The cast is uniformly strong, led by the dynamic, strong-voiced Prades as Gloria, who is well-matched by Martinez in a solid, amiable performance as Emilio. The strength of their relationship is an important part of this story, and both of these two make that relationship work with their excellent chemistry. There are also memorable performances from Cuervo as Gloria’s supportive, persistent grandmother Consuelo, Ticotin as the loving but sometimes overprotective mother Gloria Fajardo, and Jason Martinez as Gloria’s father Jose. The whole cast is strong in support, as well, with an excellent singing and dancing ensemble, helping to bring this story, and the music from the chart-topping hits to lesser-known songs, to life with energy and style.

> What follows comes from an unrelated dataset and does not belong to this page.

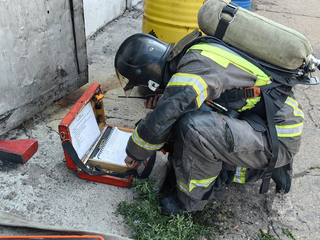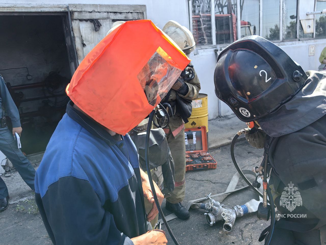 Огнеборцы приступили к спасению «пострадавшего». Звено газодымозащитной службы с применением средств защиты органов дыхания вывели мужчину на свежий воздух. После руководитель учения дал дополнительную вводную об атаке беспилотников, в результате которой условно пострадали два водителя пожарных автомобилей и две единицы техники.

Although On Your Feet! is going to appeal especially to fans of the Estefans and Miami Sound Machine, the story and music are compelling enough to entertain even those who may not be as familiar with the music. There’s an energetic “Megamix” finale that lives up to the title, as well, bringing the audience member to their feet. It’s a crowd-pleaser in the best sense of that term.

Cast of On Your Feet!
Photo by Matthew Murphy
On Your Feet! National Tour

The National Tour of On Your Feet! The Emilio & Gloria Estefan Broadway Musical is running at the Fox Theatre until November 19, 2017.